Mark Bjornsgaard, Deep Greenmark@deepgreen.energy

The heat generated by a washing-machine-sized data centre is being used to heat a Devon public swimming pool.

The computers inside the white box are surrounded by oil to capture the heat – enough to heat the pool to about 30C 60% of the time, saving Exmouth Leisure Centre thousands of pounds.

The data centre is provided to the council-run centre free of charge.

Start-up Deep Green charges clients to use its computing power for artificial intelligence and machine learning.

Founder Mark Bjornsgaard said the company would also refund the leisure centre’s electricity costs for running the “digital boiler” – and seven other England pools had signed up to the scheme.

The concept, developed over five years, is relatively straight forward – the hot oil is pumped into a heat exchanger to warm the water in the pool.

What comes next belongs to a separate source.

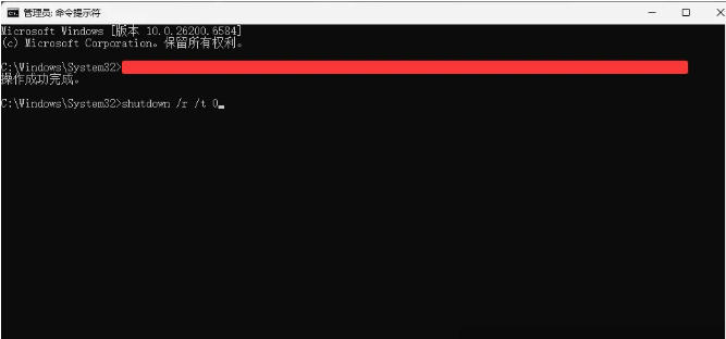 4、再次输入“ shutdown /r /t 0”命令;
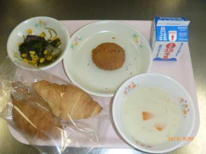 ・クロワッサン ・牛乳 ・キャベツメンチカツ ・海草サラダ ・クラムチャウダー

Deep Green's "digital boiler" is a computer surrounded by mineral oil

mark@deepgreen.energy

Sean Day, who runs the leisure centre, said he had been expecting its energy bills to rise by £100,000 this year.

“The partnership has really helped us reduce the costs of what has been astronomical over the last 12 months – our energy prices and gas prices have gone through the roof,” he said.

“Looking at different ways of how we can save money as an organisation has been awesome.”

Swim England chief executive Jane Nickerson said it was good to see pools “embracing innovative solutions”.

Last summer, BBC News revealed 65 swimming pools had closed since 2019, with rising energy costs cited as a significant reason.

‘Huge problem’

Cambridge University professor of engineering and the environment Dr Julian Allwood said: “If it’s a sensible idea and it saves the leisure centre some money, then why not?” adding data centres on the whole used less energy than previously reported.

But large ones can require billions of gallons of water and millions of pounds to keep cool.

Some are even built under water – or in caves or very cold parts of the world.

And in Danish and Swedish cities, huge data centres power thousands of homes.

“Data centres have got a huge problem with heat,” Mr Bjornsgaard said.

“A lot of the money that it costs to run a data centre is is taken up in in getting rid of the heat.

“And so what we’ve done is taken a very small bit of a data centre to where the heat is useful and required.”